Given a distinct sequence of keys representing the preorder sequence of a binary search tree (BST), construct a BST from it.

For example, the following BST corresponds to the preorder traversal { 15, 10, 8, 12, 20, 16, 25 }.

BST

Practice this problem

We can easily build a BST for a given preorder sequence by recursively repeating the following steps for all keys in it:

  1. Construct the root node of BST, which would be the first key in the preorder sequence.
  2. Find index i of the first key in the preorder sequence, which is greater than the root node.
  3. Recur for the left subtree with keys in the preorder sequence that appears before the i'th index (excluding the first index).
  4. Recur for the right subtree with keys in the preorder sequence that appears after the i'th index (including the i'th index).
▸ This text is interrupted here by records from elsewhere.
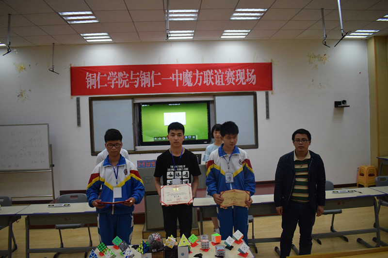 本次联谊赛分为二阶速拧、三阶速拧、异形速拧赛,团体赛。三阶魔方比拼,分为五轮比赛,两人一组,二阶魔方比赛,分为三轮,两人一组,异形比赛,四人一组,团体赛,社团各自派五人参赛,赛前,主持人介绍魔方的由来,阅读比赛规则,紧接着,由铜仁一中曳舞社学生带来的舞蹈为本次联谊赛拉开序幕。比赛过程中,双方选手各自展现出自己的技巧,认真灵活的玩弄魔方,并以最快的速度完成比赛,经过每轮的淘汰赛,参赛者更是信心倍增,沉着应对,细看魔方,速度越来越快,各不相让,赛中,为缓解紧张的比赛气氛,设制游戏抽奖活动,并由赞助商大自然纯牛肉火锅城提供的魔方挑战来结束比赛,赛后,分别出现二阶冠军1名,亚军1名,季军1名;三阶冠军1名,亚军1名,季军1名;异形一等奖1名,二等奖1名,三等奖1名,团体赛双方共赢。最后,由铜仁一中老师吴宇灵,材料与化学工程学院老师罗海荣分别给获奖者颁发荣誉证书,联谊赛在热烈的掌声中圆满结束。
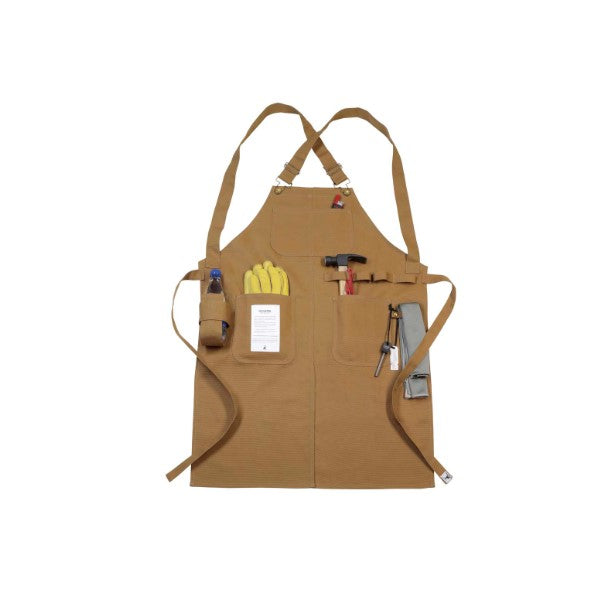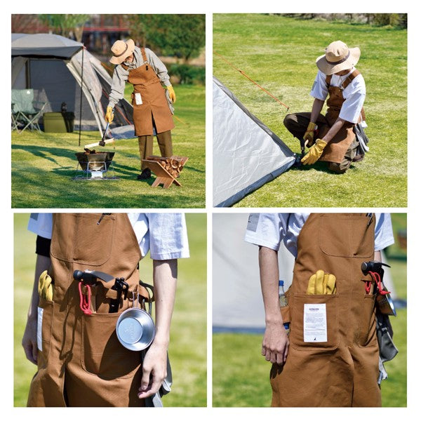 焚き火や料理に適した、難燃生地を使用したエプロン。
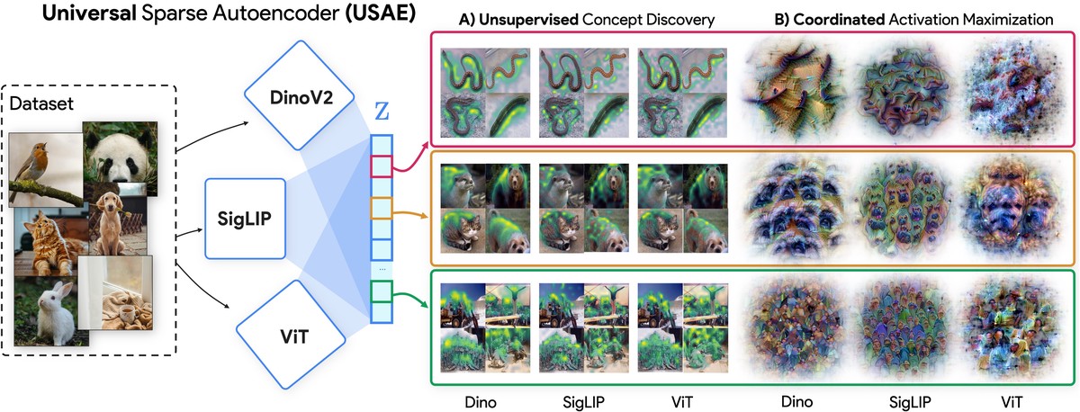 We present a framework for discovering interpretable concepts that span multiple neural networks. We develop a single sparse autoencoder that can process activations from different models and reconstruct activations across models. Our method identifies semantically coherent and important universal concepts ranging from low-level features like colors and textures to higher-level structures including parts and objects, enabling cross-model analysis.

Let’s consider the preorder traversal {15, 10, 8, 12, 20, 16, 25} to make the context more clear.

  1. The first item in the preorder sequence 15 becomes the root node.
  2. Since 20 is the first key in the preorder sequence, which greater than the root node, the left subtree consists of keys {10, 8, 12} and the right subtree consists of keys {20, 16, 25}.
  3. To construct the complete BST, recursively repeat the above steps for preorder sequence {10, 8, 12} and {20, 16, 25}.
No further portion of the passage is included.